York recently told a Reuters gathering that 2010 domestic car sales would be flat compared to this year, which means only 10 million to 10.5 million cars and light trucks will be sold in the US. The head of Group 1 Automotive (NYSE:GPI) who spoke at the same event also expects no improvement in demand. Most analysts are more optimistic and believe sales will move up over 11 million units.
There is not much to support any case for an improvement in auto sales in America next year. “Cash for clunkers” and the GM “60 Day Guarantee” programs are pulling 2010 sales into 2009. Unemployment will be higher in 2010, not lower. There is absolutely no sign that consumer credit will be easier to come by next year. It would not be surprising if domestic sales drop in 2010 compared to this year.

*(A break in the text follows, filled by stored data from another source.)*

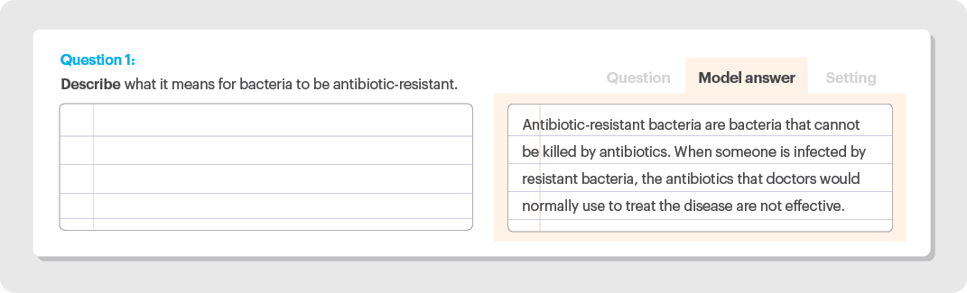 Stile lessons include model answers where students are asked to apply concepts through written expression. These writing exemplars provide students with examples of proficient written responses in addition to providing the teacher with a model for building sentence frames. Teachers also have the flexibility to revise or create their own model answers.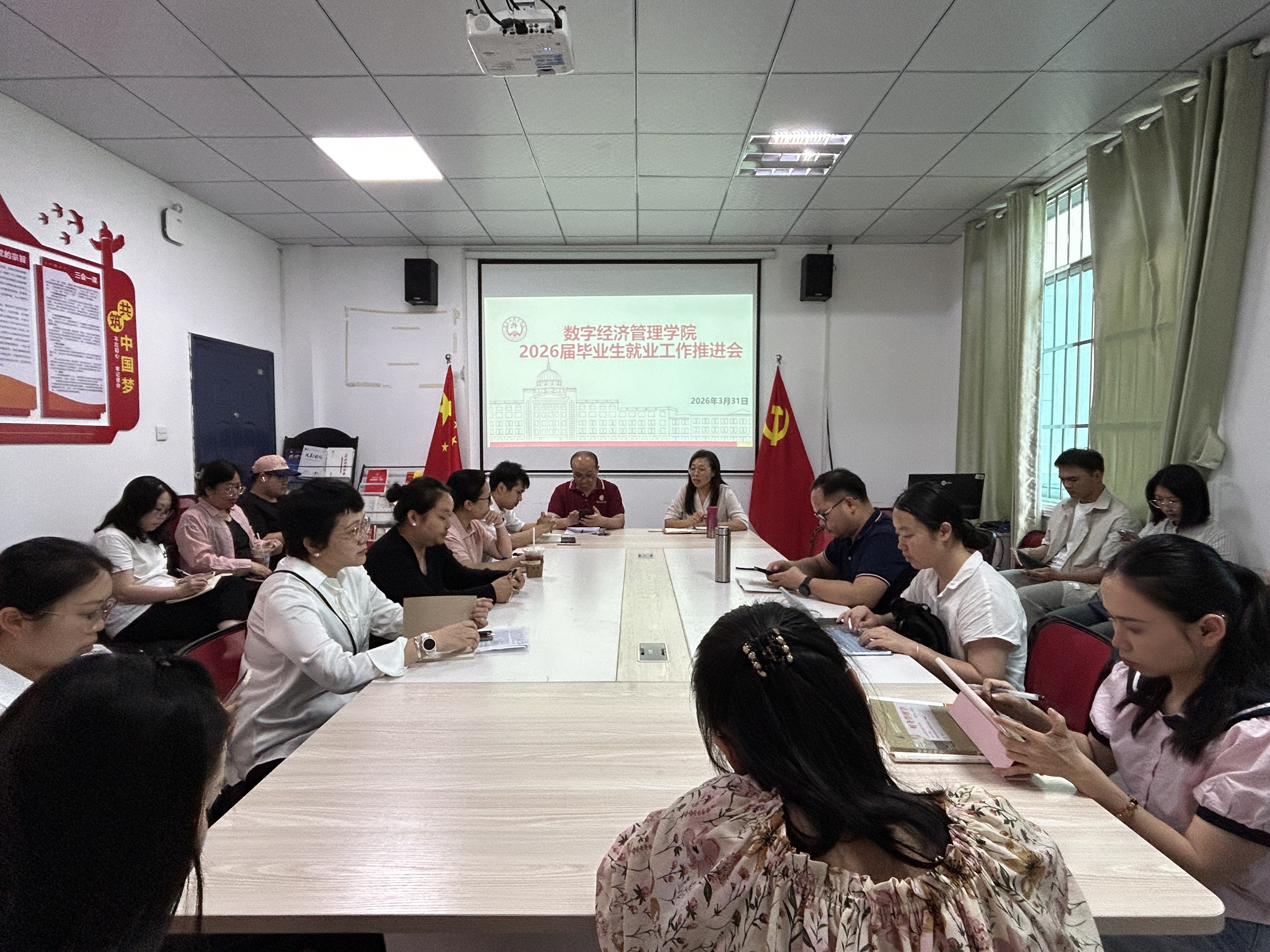 为切实做好2026届毕业生就业工作,直面当前就业工作严峻形势,凝聚全院就业工作合力,2026年3月31日,数字经济管理学院召开2026届毕业生就业工作推进会。学院院长吕国清、党总支书记郑秋、党总副书记李鹏飞,各系主任、专业负责人及各班辅导员参加本次会议,会议围绕就业工作攻坚、访企拓岗部署等核心内容作出全面安排。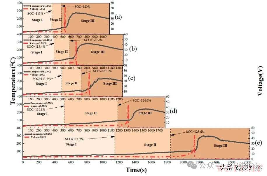 根据电压、温度核心参数,结合气体成分与物理形态变化,将过充热失控过程划分为三阶段:2.2.1 阶段 I:过充启动至安全阀开启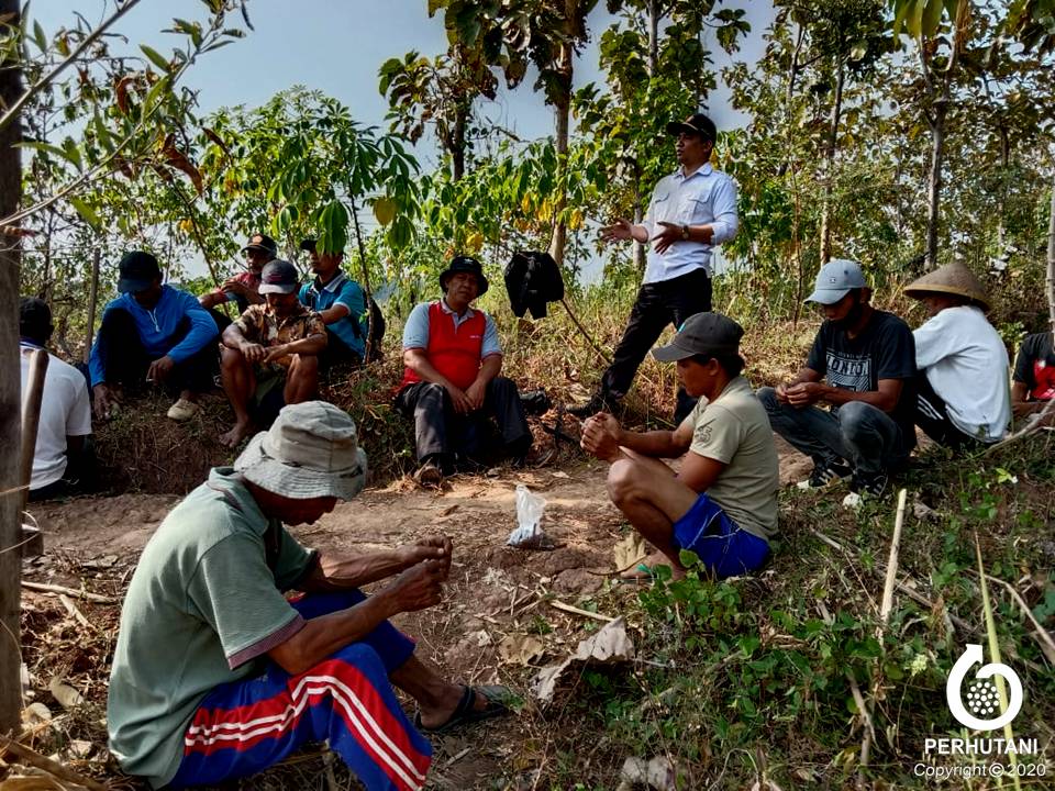 MADIUN, PERHUTANI (11/8/2020) | Untuk mengantisipasi kebakaran hutan dan lahan di wilayahnya, Perhutani Kesatuan Pemangkuan Hutan (KPH) Madiun menggandeng Lembaga Masyarakat Desa Hutan (LMDH) Wono Lestari Desa Bolo melakukan sosialisasi dalam rangka pencegahan dan pengendalian kebakaran hutan dan lahan (Dalkarhutla) bertempat di petak 20b Resort Pemangkuan Hutan (RPH) Kresek Bagian Kesatuan Pemangkuan Hutan (BKPH) Brumbun, Senin (10/8).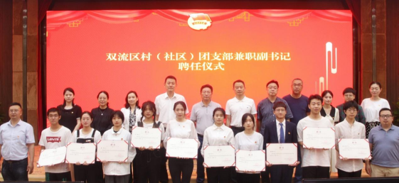 【本网讯】5月26日下午,双流区村(社区)团支部副书记聘任仪式在乐动航空港校区国际会议厅举行。学校党委副书记马洪江,双流区东升街道党工委书记刘伟、黄甲街道党工委书记尹宏波,学校党委组织部、宣传部、学生工作部、校团委以及双流区东升街道、黄甲街道团工委相关负责人参加了聘任仪式。聘任仪式由校团委书记丁恒康主持。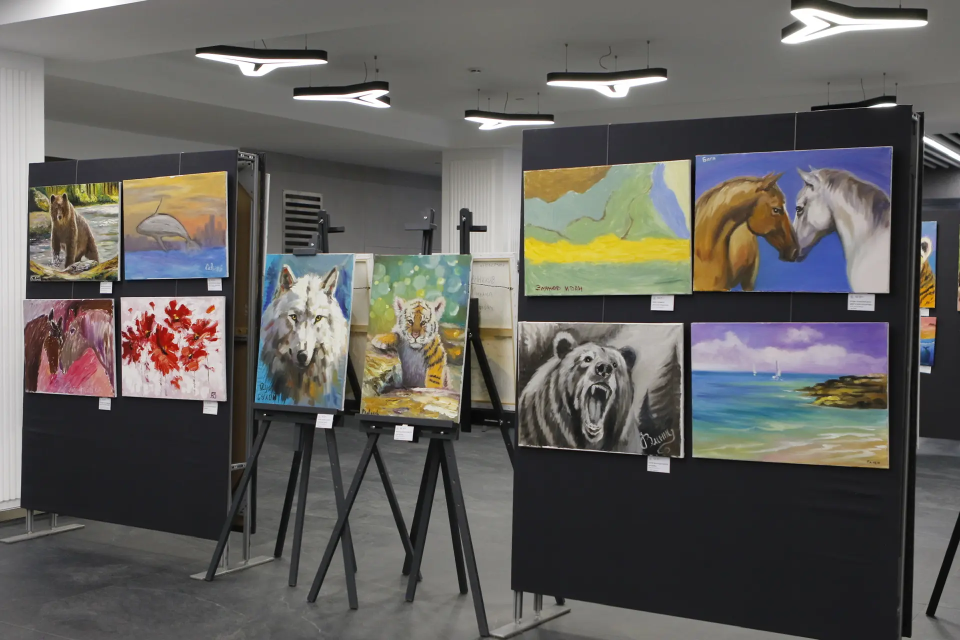 Экспозиция "Цвет жизни", включающая 77 картин за авторством ветеранов специальной военной операции из разных регионов России, является проектом Международного союза художников-анималистов.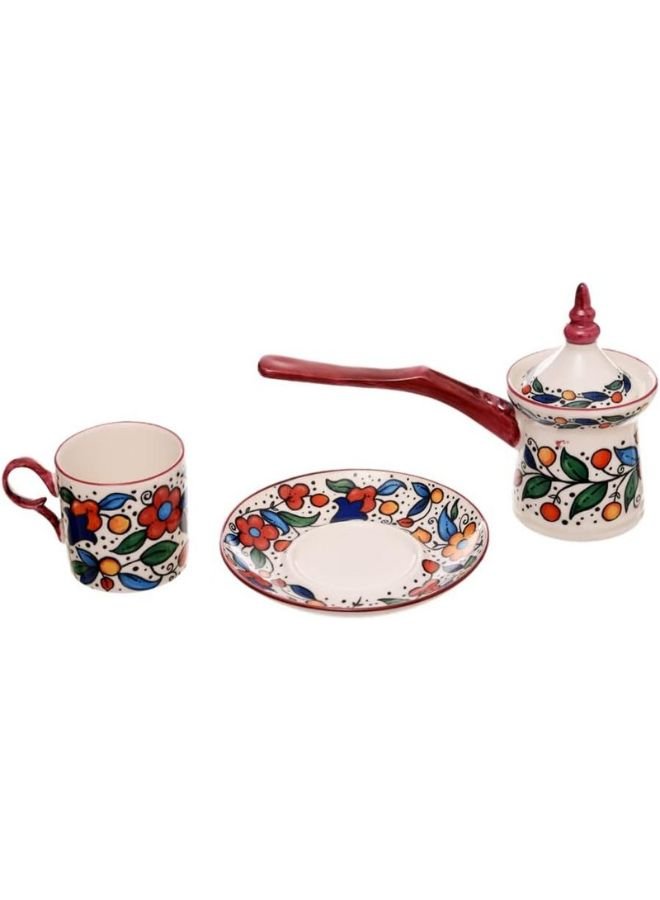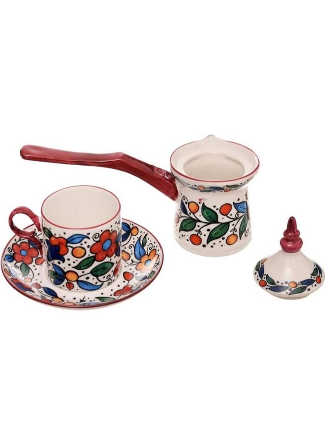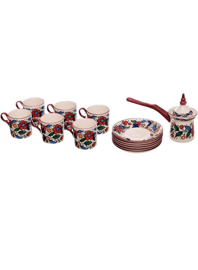Flora Red طقم قهوة 14 قطعة بالكنكة الصغيرة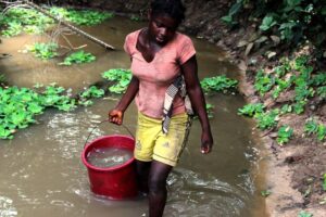 Despite improvements in urban water access, disparities between urban and rural communities remain stark. In many underserved areas, households rely on water sources shared with animals or contaminated by activities such as illegal mining, raising the risk of waterborne diseases.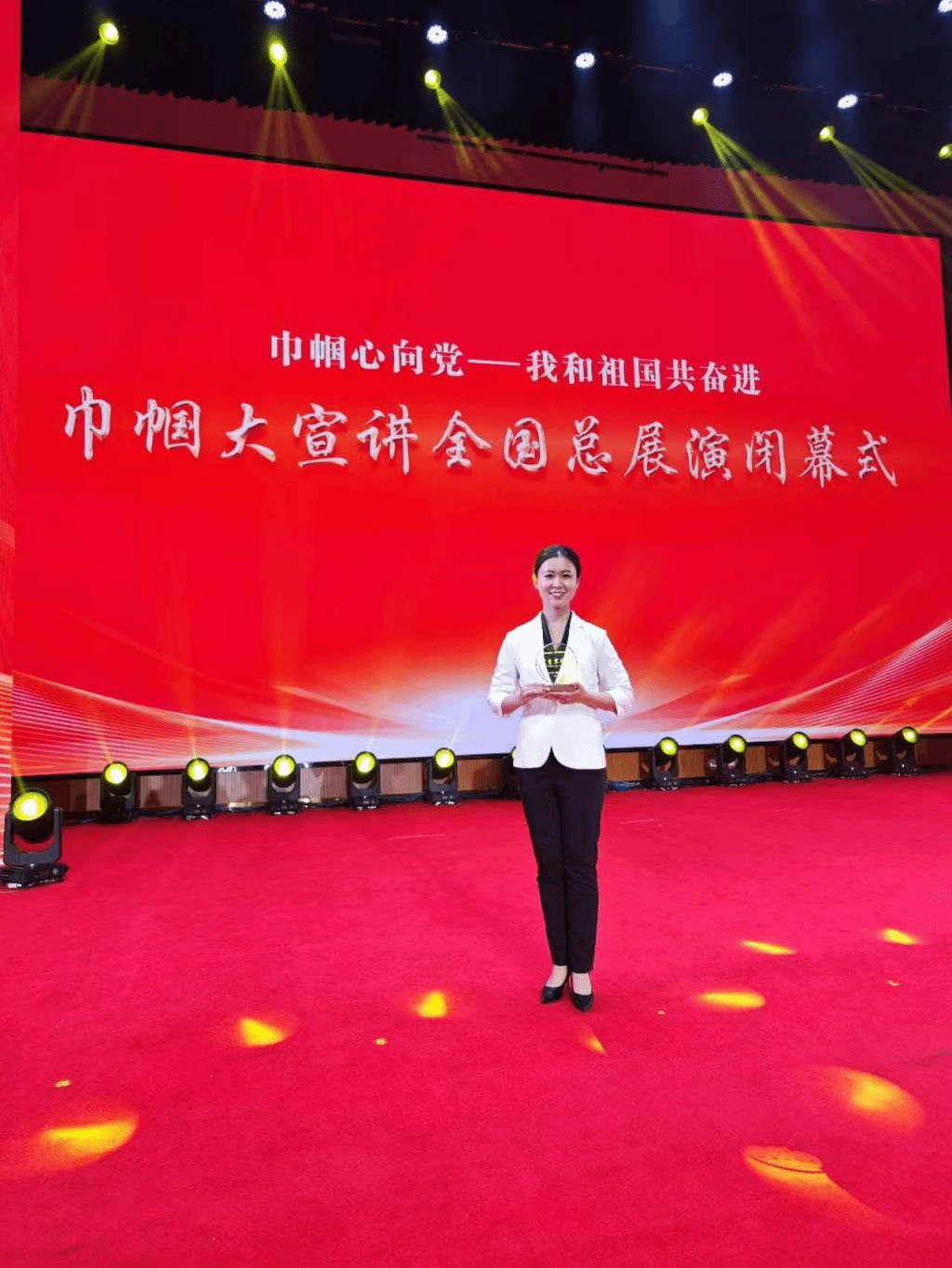 在闭幕式上,除宣讲故事外,王馨还参加了情景朗诵《我与祖国共奋进》、大合唱《我和我的祖国》等节目展示,并获得由全国妇联宣传部、国家文物局革命文物司颁发的“巾帼心向党——我和祖国共奋进”优秀宣讲员称号。

Some car companies need an improvement in overall American sales next year because their market shares are falling and they cannot contend with both that and a moribund national market. Chrysler is at the head of most experts’ lists, and it should be. It holds 7.8% of the domestic market and its sales for the rest of this year are likely to be down by a third compared with 2008. Chrysler could well go into 2010 with a 7% market share. It still has too many people and a cost base that is too high to support only 700,000 car sales. Fiat says it will not be able to give Chrysler much help with new models until 2012. Chrysler may be facing two disastrous years. It has recently made moves to cut its workforce further, but that may not buy it enough time for Fiat to ride to its rescue.
While Chrysler has lost a great deal of its market share, Hyundai has gained nearly as much. The South Korean company’s parent firm is one of the largest corporations in the world. It is likely to continue to invest in new models to bring into the US and it will probably outsell Chrysler in the domestic market in 2010. It stands to be the largest net winner in the auto industry race in America next year.
The industry’s impression is that Ford (NYSE:F) will be the biggest 2010 winner among very large car companies which rely heavily on the US market, and that is almost certainly true. Ford’s market share is 15.5% now and could be 16% next year. All of the evidence points to Ford being able to do very well if it can sell 1.6 million vehicles in the US. The No.2 American car company did not get the UAW contract that it wanted, but it should still be solidly profitable in 2010.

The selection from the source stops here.